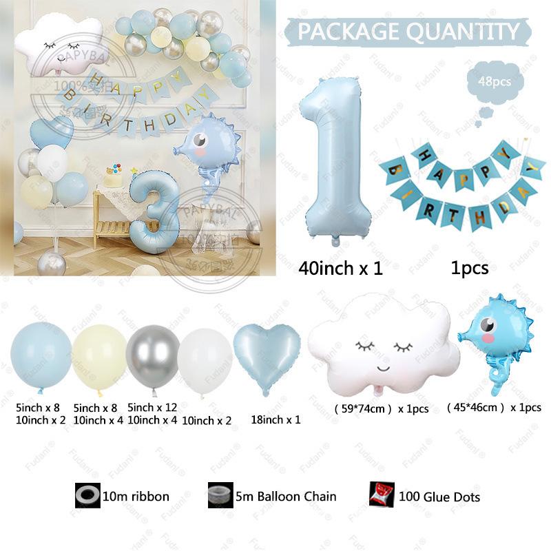 Подводный мир Милый маленький морской конёк Облако Алюминиевая плёнка Воздушный шар Цепочка Набор Синий Флаг на день рождения Детская океанская вечеринка Set 1
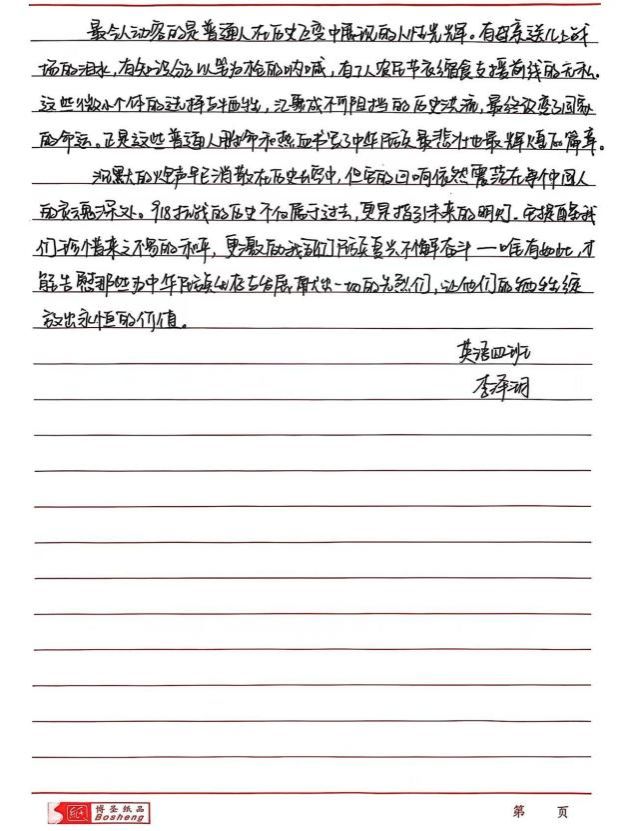 同學們紛紛表示,思政課上的歷史故事與精神闡釋讓自己深受觸動,從抗戰(zhàn)先烈“舍生取義、保家衛(wèi)國”的英雄事跡中讀懂了民族脊梁的重量,也更加清晰地認識到當代青年應扛起的時代責任與歷史使命。
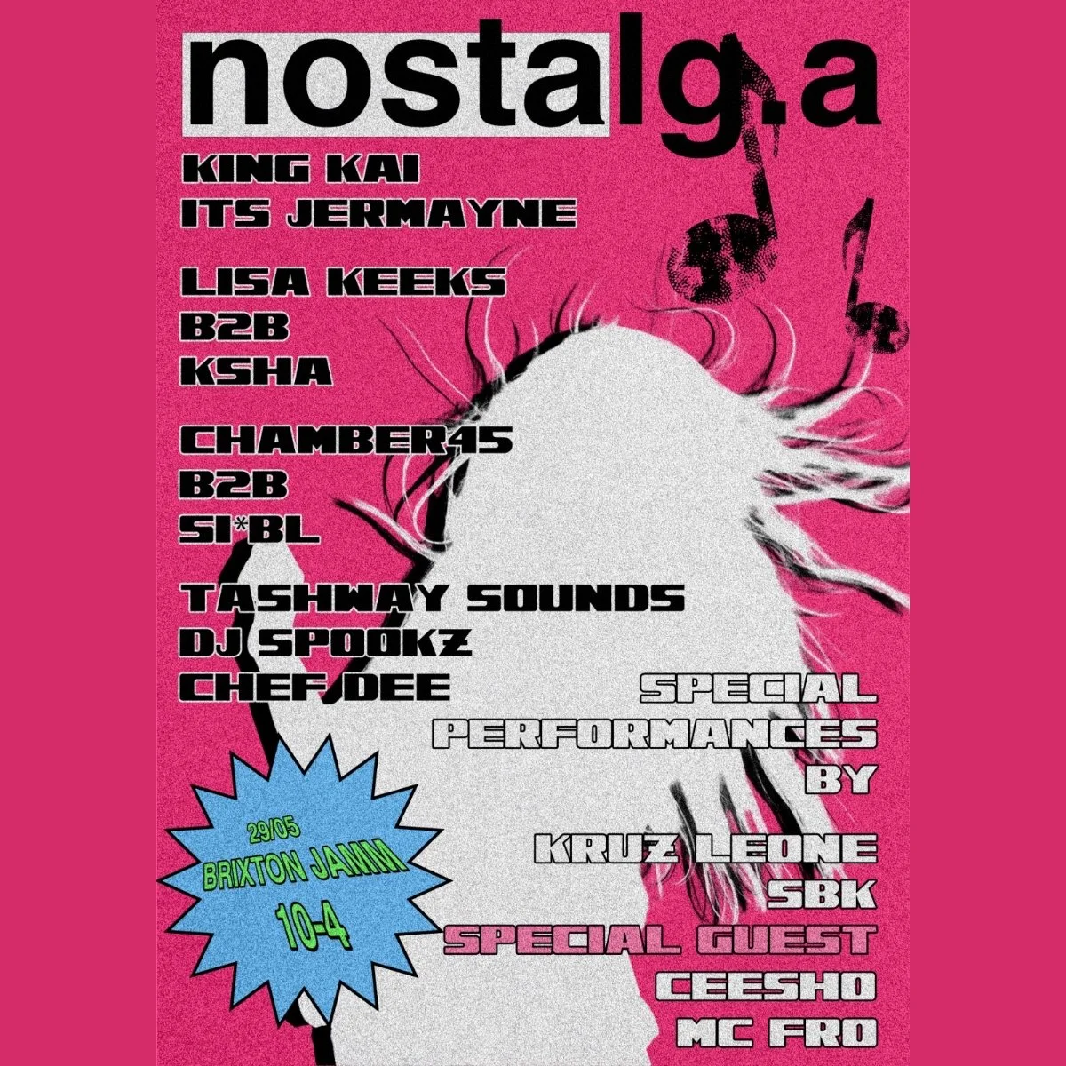 nostalg.a is a night dedicated to the sounds that shaped us, a journey through Jungle, UKG, Grime, UK Funky, 2010's House/Pop, Afroswing/Drill and UK Underground. Expect a carefully curated blend of UK sounds that hit both the heart and the dancefloor.
.....
**Task description**
Return only the lines running from the top of the data to the line that holds "同學們紛紛表示,思政課上的歷". Include both of those lines, but skip the pictures.

**Answer**
 Подводный мир Милый маленький морской конёк Облако Алюминиевая плёнка Воздушный шар Цепочка Набор Синий Флаг на день рождения Детская океанская вечеринка Set 1
 同學們紛紛表示,思政課上的歷史故事與精神闡釋讓自己深受觸動,從抗戰(zhàn)先烈“舍生取義、保家衛(wèi)國”的英雄事跡中讀懂了民族脊梁的重量,也更加清晰地認識到當代青年應扛起的時代責任與歷史使命。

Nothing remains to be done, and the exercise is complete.